Google Sandbox Effect – ‘How To Avoid The Google Sandbox’ $17 Still thinking about this one. While I personally haven’t experienced “sandbox” problems yet, it would probably be handy to know exactly what to avoid and what to do to build authority and “trust” in the eyes of Google as quickly as possible. At $17, I won’t rush out and buy it (a little cheaper I might), but if someone bought it for me for Christmas, I’d be tickled pink.
Adsense CTR Booster WordPress Theme $19.99 Ok, the sales page is terrible, but look at the demo sites. Ignore the scraped, spun, awful content, but notice how the ads are formatted and placed to blend in nicely with the content. Very clever! I’m buying this one myself if I have to. Hopefully it doesn’t really go up to $39.99 before I get a chance to.

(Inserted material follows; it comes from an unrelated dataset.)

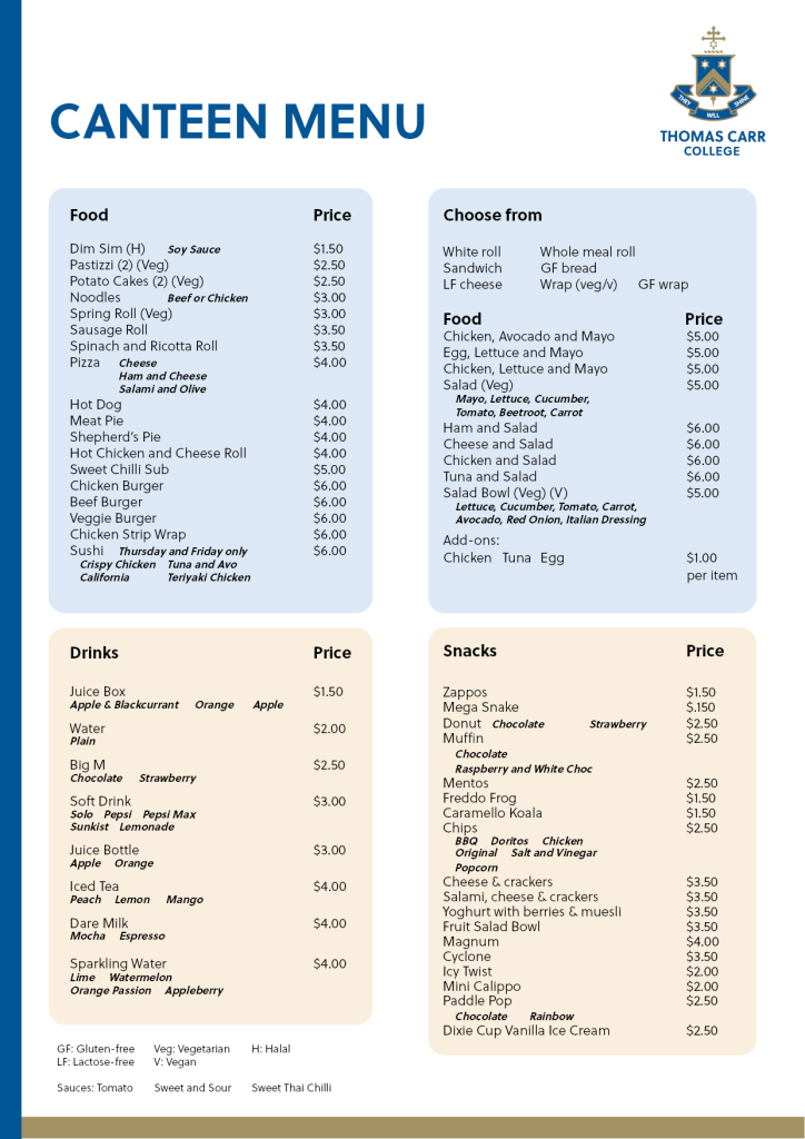 A range of healthy food, both hot and cold, are available. The menu is updated regularly to ensure that we offer a wide range of foods for our students.

I think a site with decent content could do well using this theme. For $20, I’ll take the chance and hope that it has the kinds of options I would want in a theme. If not, I’ll just have to mess with the coding until I get it to do what I want it to.

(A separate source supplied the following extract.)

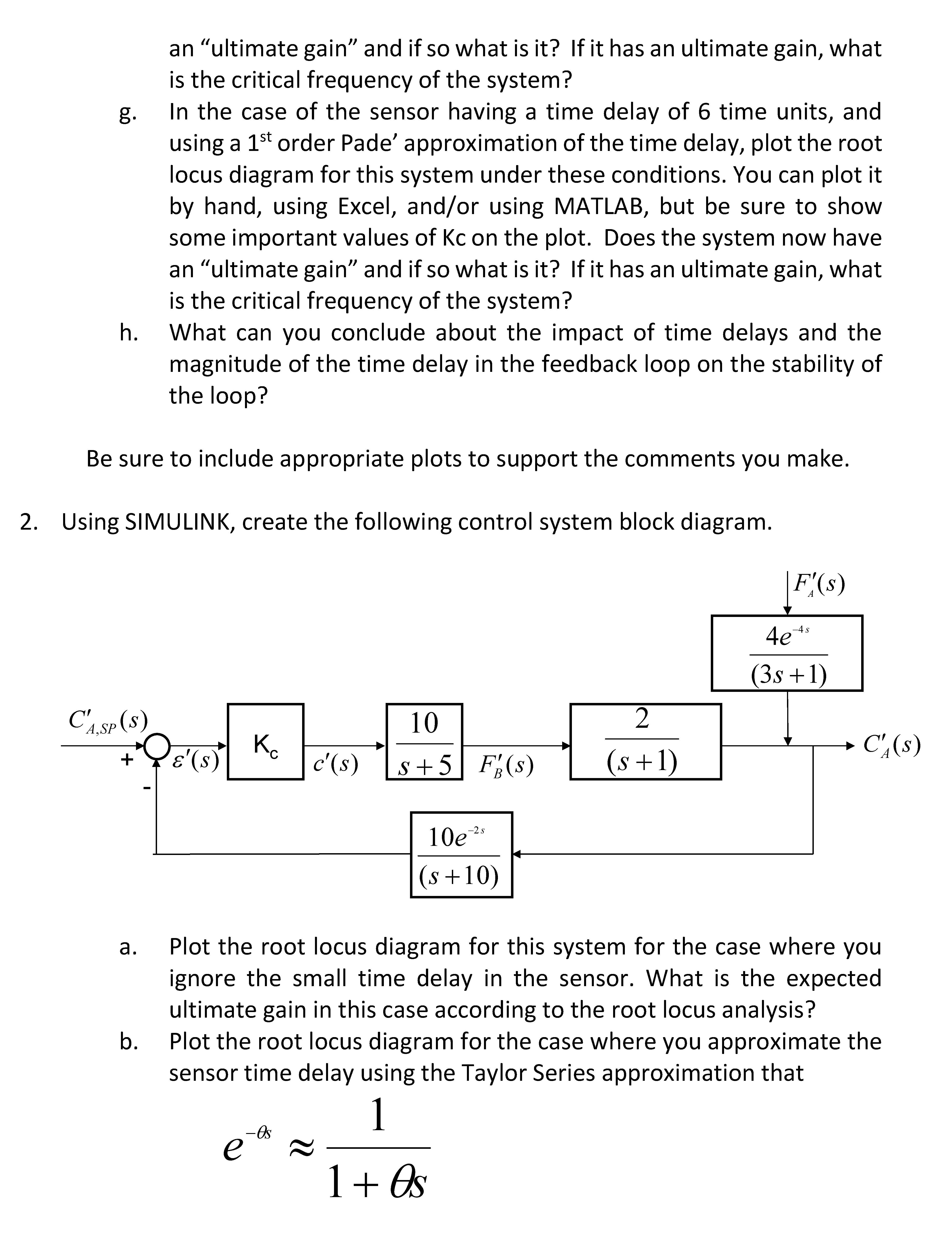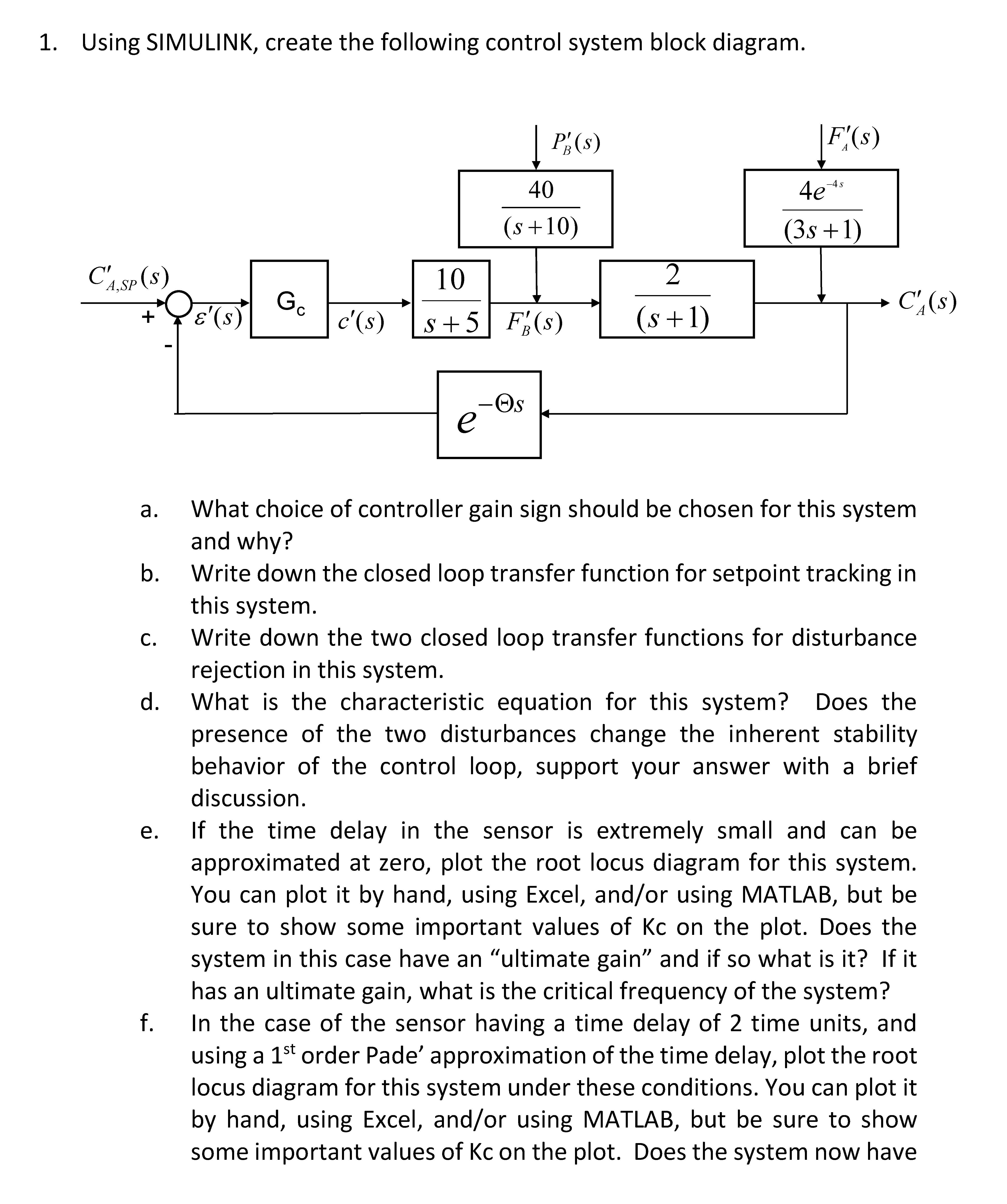 1. Using SIMULINK, create the following control system block diagra...

Update: I had a chance to play with the CTR Booster theme. While it is a nice looking theme, and probably effective for CTR, I do not recommend it unless you are very good at editing code. I played with it for a couple days and found a lot of hidden links in the code, and some general bugginess, and a lack of the flexibility that I prefer in a theme. I’m not saying it is necessarily not right for you, there are some things I really like about it, but after 2 days of tweaking it, I still wasn’t happy with the end result, so, for me, I will not be buying it for my own use.
Well, there you have it. My cheap picks for the internet marketing junkie in your life. I’m sure there’s other deals out there, but I was focusing on the areas I am currently working more on, which is Adsense and local SEO for now. Merry Christmas*, and God* bless us, everyone.
*No offense. I am an atheist actually, but gotta respect the traditions you are raised in, right? Happy <insert your traditional Winter holiday here> to all.